I have read an answer (in this site, but I lost the question number) saying something like the following:-
If the quadratic equations F(x) = 0 and f(x) = 0 have a common root, then the quadratics are proportional to each other. That is, K[f(x)] = F(x); for some constant K.
I tried to ‘prove’ it because this is completely new to me.
For simplicity, we can assume that both equations are monic.

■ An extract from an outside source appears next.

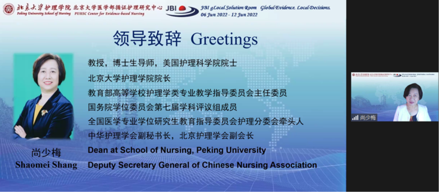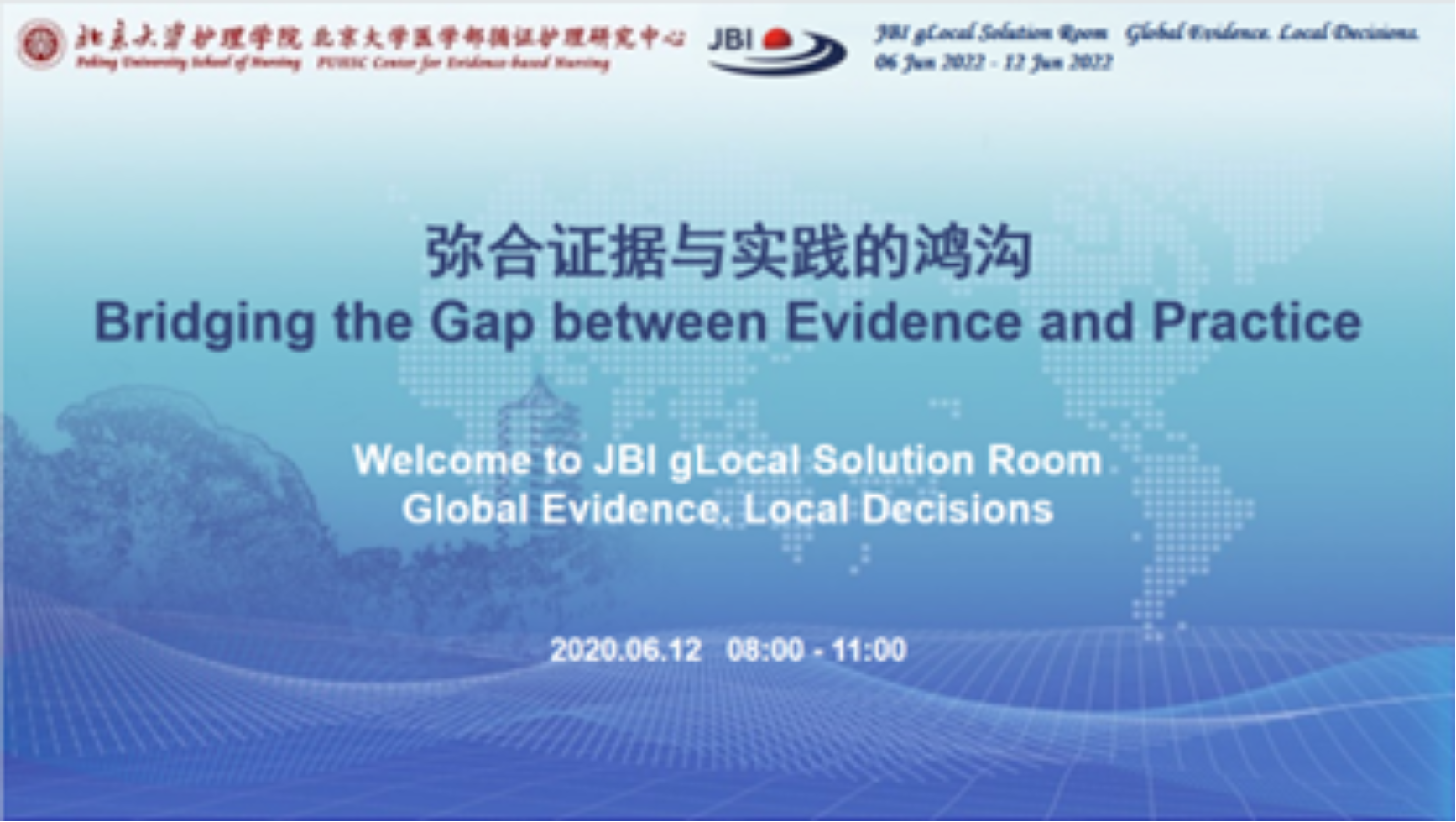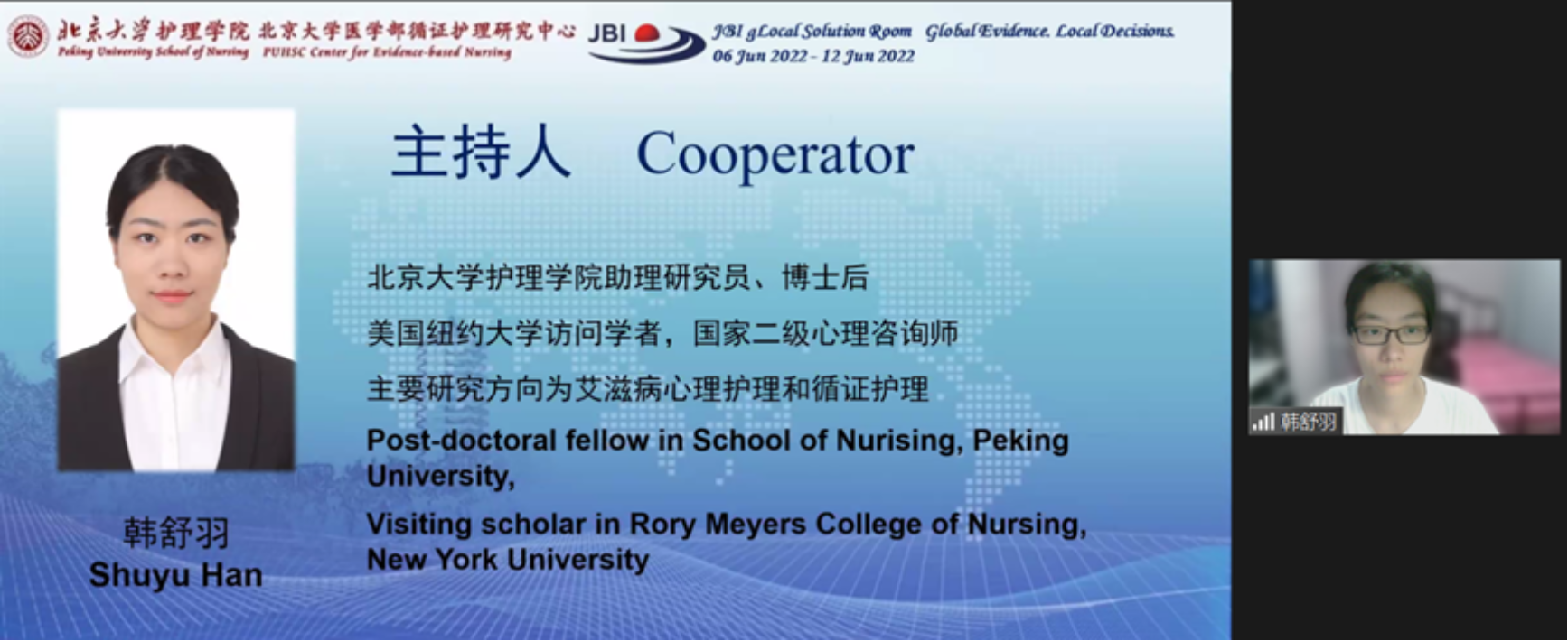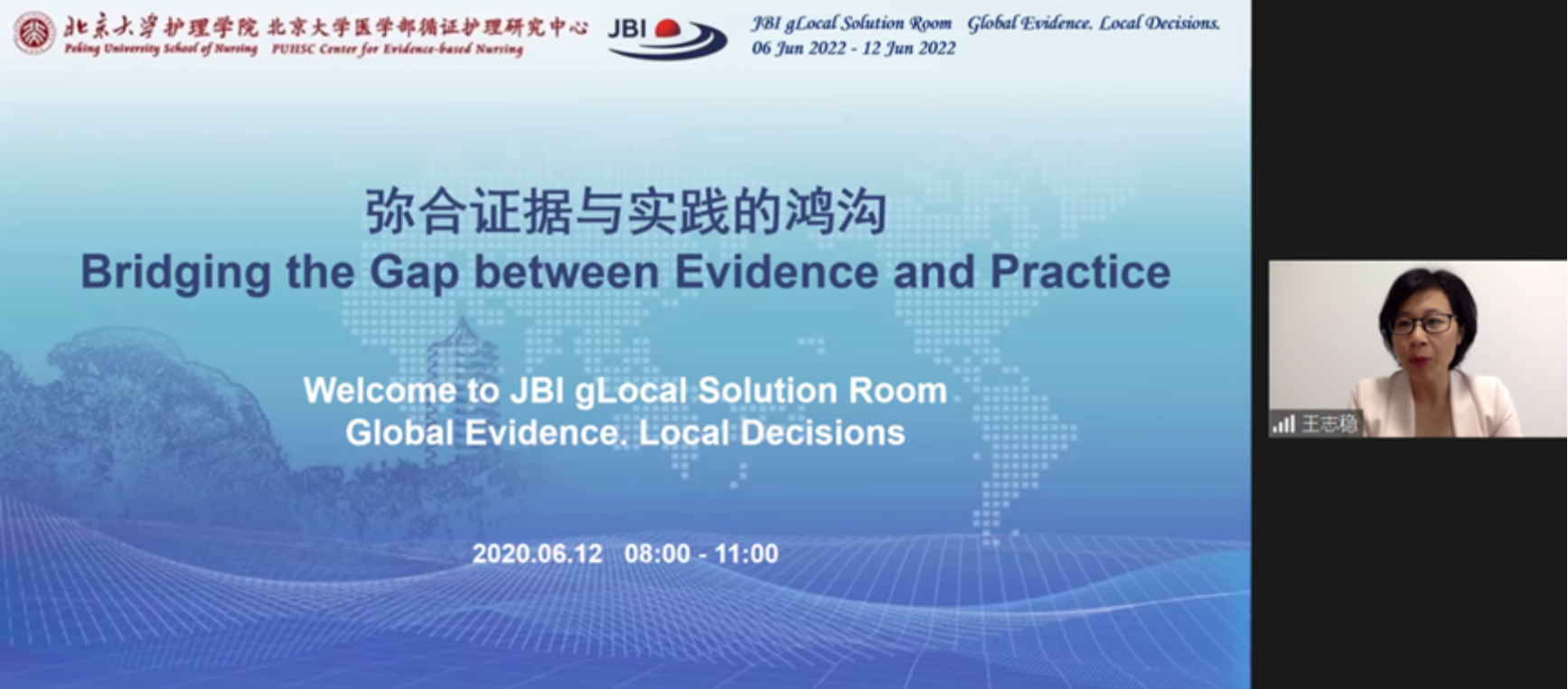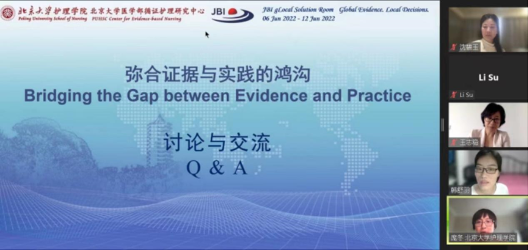 在北大医学办学110周年之际,2022年6月12日,BETVLCTOR伟德在线医学部循证护理研究中心线上举办了“2022 JBI Global Solution Room”。本次论坛的主题是“弥合证据与实践的鸿沟(Bridging the gap between evidence and practice)”,从国际化视角出发,邀请国内外专家分享在护理领域中进行证据转化与应用的策略。澳大利亚JBI循证卫生保健中心执行主任Zoe Jordan教授,加拿大皇后大学JBI循证卫生保健中心主任Christina Godfrey副教授和Andrea Tricco副教授,BETVLCTOR伟德在线医学部循证护理研究中心副主任庞冬副教授,BETVLCTOR伟德在线第一医院心内科监护室护士长叶晶,以及来自全国各地和海外的临床护理骨干、高校教师、博士、硕士齐聚云端。

Let p, q be the roots of F(x) = 0 and q, r be the roots of f(x) = 0 such that q is their common root.
Then, $x^2 – (p + q) x + pq = 0$ and $x^2 – (q + r) x + qr = 0$
Rewriting the above, we have
$pq = –x^2 + (p + q) x$ ……………..(1)
$qr = –x^2 + (q + r) x$ ……………….(2)
[Added constraints:- p, q, r, x, x + (p + q), and x + (q + r) are not zero.]
If we let $\frac {p} {r} = K$, then dividing (1) by (2), we have
$\frac {–x^2 + (p + q) x} {–x^2 + (q + r) x} = \frac {p} {r} = K$
$K[–x^2 + (q + r) x] = [–x^2 + (p + q) x]$
$K[x^2 – (q + r) x] = [x^2 – (p + q) x]$
$K[x^2 – (q + r) x] + pq = [x^2 – (p + q) x] + pq$
$K[x^2 – (q + r) x] + (Kr)q = F(x)$
$∴ K[f(x)] = F(x)$
The proof seems to be nice. May be someone can point out what went wrong. This is because the ‘fact’ does not quite match with the following counter-example:-
1, and 2 are the roots of $x^2 – 3x + 2 = 0$
2, and 3 are the roots of $x^2 – 5x + 6 = 0$ such that 2 is the common root.
It seems that there is no K such that $K[x^2 – 5x + 6] = x^2 – 3x + 2$